Wrestling with dispatch

Originally published on 2010-10-17 by Jonathan Worthington.

It turns out that I’m having to take a slight diversion from meta-model work to spend a while worrying over dispatch – because not dealing with the design issues now will only make for more refactoring and pain later. Further to that, it’s going to have an impact on how bits of the meta-model API should look.

Dispatch is essentially about flow control between chunks of code at the inter-block level. We often talk about dispatch as being what happens when:

You invoke a block of code (maybe a routine)
You call a method
You do a multi dispatch
You are in a wrapper and want to move to the thing you wrapped, or at least the next wrapper

However, I’m also wondering if we should consider the case of throwing an exception in with dispatch. It is also a dispatch in a sense – a dispatch to an exception handler. Running the handler may or may not indicate that some kind of stack unwinding is required. But actually getting to the handler is a kind of dispatch.

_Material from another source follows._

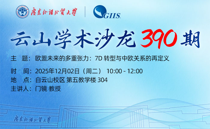 12月2日,我院成功举办云山学术沙龙第390期,讲座由华东师范大学欧洲研究中心主任、让·莫内讲席教授门镜主讲,主题为“欧洲未来的多重张力7D转型与中欧关系的再定义”。我院硕博士学生共同参与。本次讲座由我院云山领军学者李形教授主持。门镜教授在讲座中提出了“7D转型”框架,系统分析了欧洲当前面临的多重结构性挑战。她指出,欧盟正同时应对债务(Debt)、脱碳(Decarbonization)、防务(Defense)、民主(Democracy)...

It may be useful to break dispatches up into groups.

Simple dispatch – where we have a code object and just need to invoke it. This is the case when we have an only sub, for example, or a closure.
Complex dispatch – when we need to work out what to dispatch to based upon some kind of information. This is true for multiple dispatch, method dispatch and wrappers.

For all complex dispatches, we have the concept of a candidate list. A candidate list is a list of things that we can work out way through calling. In a method dispatch, it’s all the methods through the MRO with a matching name. In a multi-dispatch, it’s all the matching candidates. In the case of wrapping, it’s the various wrappers, down towards the original routine that we wrapped. When we have these candidate lists, we have various operations that we can perform on them.

Invoke the first candidate. This is what we usually want to do.
Call the next candidate in the list (e.g. callsame, callwith)
Defer to the next candidate in the list (e.g. nextsame, nextwith)
Toss the remaining candidates (e.g. lastcall)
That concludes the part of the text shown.